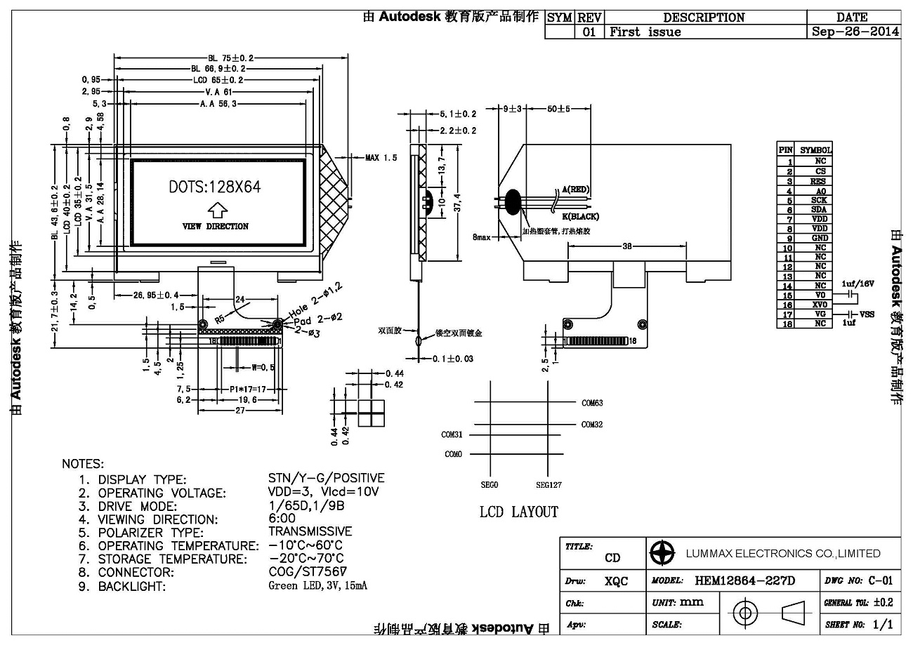 COG Graphic LCD Module HEM12864-227D
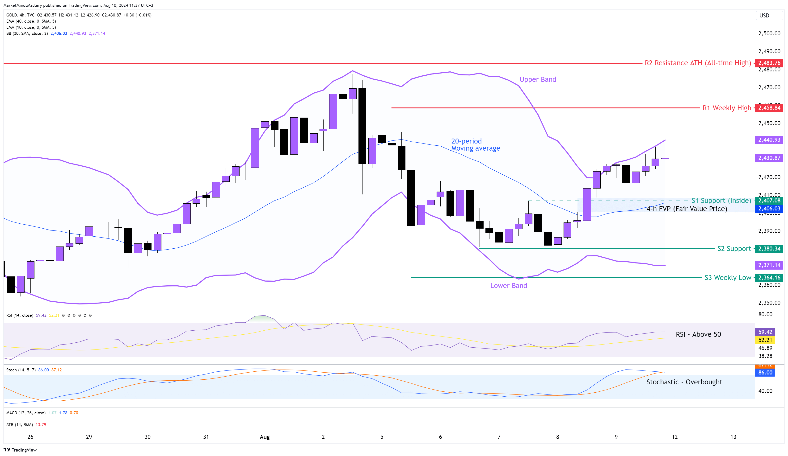 Altın piyasası bir önceki hafta küresel belirsizlik nedeniyle yatay hareket ediyordu. Temmuz ayında bir ATH (Tüm Zamanların En Yüksek Seviyesi) kaydetmesine ve birkaç hafta önce de neredeyse aynı ATH'de işlem görmesine rağmen. Teknik fiyat grafiklerine göre bir düşüş ve geri çekilme bekleniyordu. Zaman içinde Altın, yatırımcıların korku ve endişelerine iyi hizmet eden ve güvenli liman varlığı olarak kullanılan sert bir emtia haline geldi. Bollinger Bantlarını kullanarak, Altın fiyatları Üst Bant civarında ve bir yükseliş göstergesi olarak kabul edilebilir. Alt Bant hafifçe aşağıya doğru işaret ediyor ve yukarı yönlü hareketin en azından kısa vadede sürdürülebileceğini gösteriyor. Fiyat, yükseliş etkileri olan Bollinger Bantlarının ortası olan 20 dönemlik hareketli ortalamanın üzerinde işlem görüyor. Geçtiğimiz Perşembe günü, önemli bir fiyat seviyesi olan 2400 $ civarında bir FVP (Adil Değer Fiyatı) oluşturuldu. RSI Osilatörü orta çizgisi olan 50'nin üzerinde ve bu yükseliş anlamına geliyor. Stochastic Osilatör aşırı alım durumunda ve bunun da yükseliş etkileri var. Pazartesi gününden itibaren fiyat yukarı yönlü hareketini sürdürüyor ve ilk direnç alanı olan R1, bir önceki haftanın en yüksek seviyesi olan 2458 $ civarında olacak. Fiyat R1'i aşar ve yükselmeye devam ederse, bir sonraki direnç olan R2, yaklaşık 2483 $ olan ATH olacaktır. Tersine, fiyat düşer ve aşağı doğru hareket ederse, ilk destek alanı olan S1, 2407 $ civarında bir İç destek olacaktır. Fiyat S1'e nüfuz etmek yerine S1'den sıçramazsa ve daha da düşerse, bir sonraki destek alanı olan S2 2380 $ civarında olacaktır. Daha fazla düşüş, fiyatı bir önceki haftanın en düşük seviyesi olan 2364 $ civarında bir sonraki destek alanı olan S3'e kadar düşürebilir.
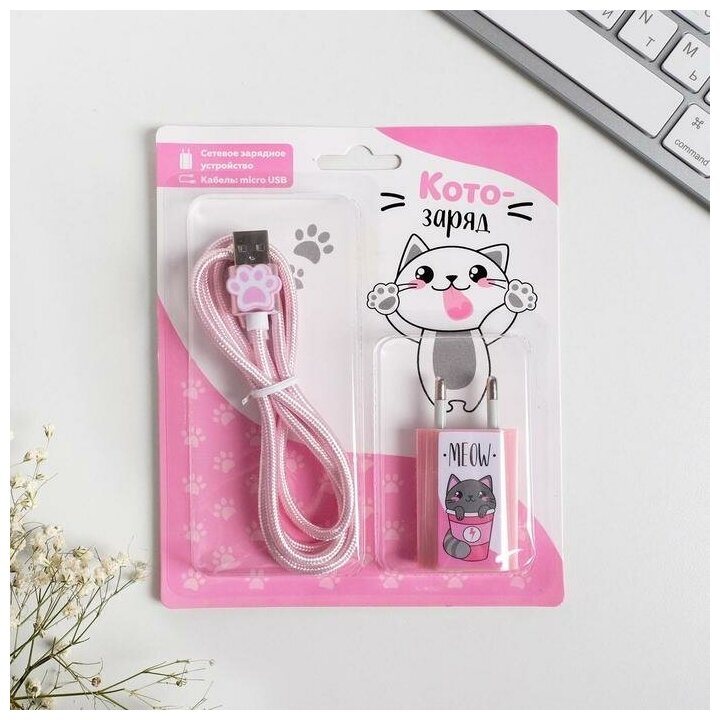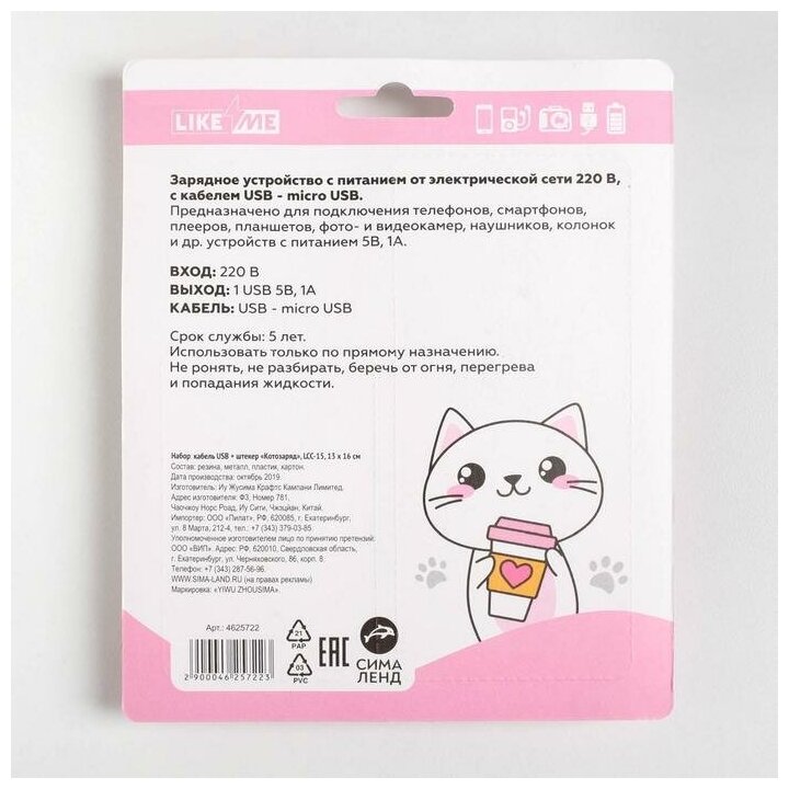 Купить Like me Набор кабель USB - micro USB и штекер "Котозаряд", 1 м

WORK REQUIRED:
The answer is the run of lines from the one with "Altın piyasası bir" through the final line of the data, copied exactly, and nothing else; no pictures.

ANSWER SPACE:
 Altın piyasası bir önceki hafta küresel belirsizlik nedeniyle yatay hareket ediyordu. Temmuz ayında bir ATH (Tüm Zamanların En Yüksek Seviyesi) kaydetmesine ve birkaç hafta önce de neredeyse aynı ATH'de işlem görmesine rağmen. Teknik fiyat grafiklerine göre bir düşüş ve geri çekilme bekleniyordu. Zaman içinde Altın, yatırımcıların korku ve endişelerine iyi hizmet eden ve güvenli liman varlığı olarak kullanılan sert bir emtia haline geldi. Bollinger Bantlarını kullanarak, Altın fiyatları Üst Bant civarında ve bir yükseliş göstergesi olarak kabul edilebilir. Alt Bant hafifçe aşağıya doğru işaret ediyor ve yukarı yönlü hareketin en azından kısa vadede sürdürülebileceğini gösteriyor. Fiyat, yükseliş etkileri olan Bollinger Bantlarının ortası olan 20 dönemlik hareketli ortalamanın üzerinde işlem görüyor. Geçtiğimiz Perşembe günü, önemli bir fiyat seviyesi olan 2400 $ civarında bir FVP (Adil Değer Fiyatı) oluşturuldu. RSI Osilatörü orta çizgisi olan 50'nin üzerinde ve bu yükseliş anlamına geliyor. Stochastic Osilatör aşırı alım durumunda ve bunun da yükseliş etkileri var. Pazartesi gününden itibaren fiyat yukarı yönlü hareketini sürdürüyor ve ilk direnç alanı olan R1, bir önceki haftanın en yüksek seviyesi olan 2458 $ civarında olacak. Fiyat R1'i aşar ve yükselmeye devam ederse, bir sonraki direnç olan R2, yaklaşık 2483 $ olan ATH olacaktır. Tersine, fiyat düşer ve aşağı doğru hareket ederse, ilk destek alanı olan S1, 2407 $ civarında bir İç destek olacaktır. Fiyat S1'e nüfuz etmek yerine S1'den sıçramazsa ve daha da düşerse, bir sonraki destek alanı olan S2 2380 $ civarında olacaktır. Daha fazla düşüş, fiyatı bir önceki haftanın en düşük seviyesi olan 2364 $ civarında bir sonraki destek alanı olan S3'e kadar düşürebilir.
 Купить Like me Набор кабель USB - micro USB и штекер "Котозаряд", 1 м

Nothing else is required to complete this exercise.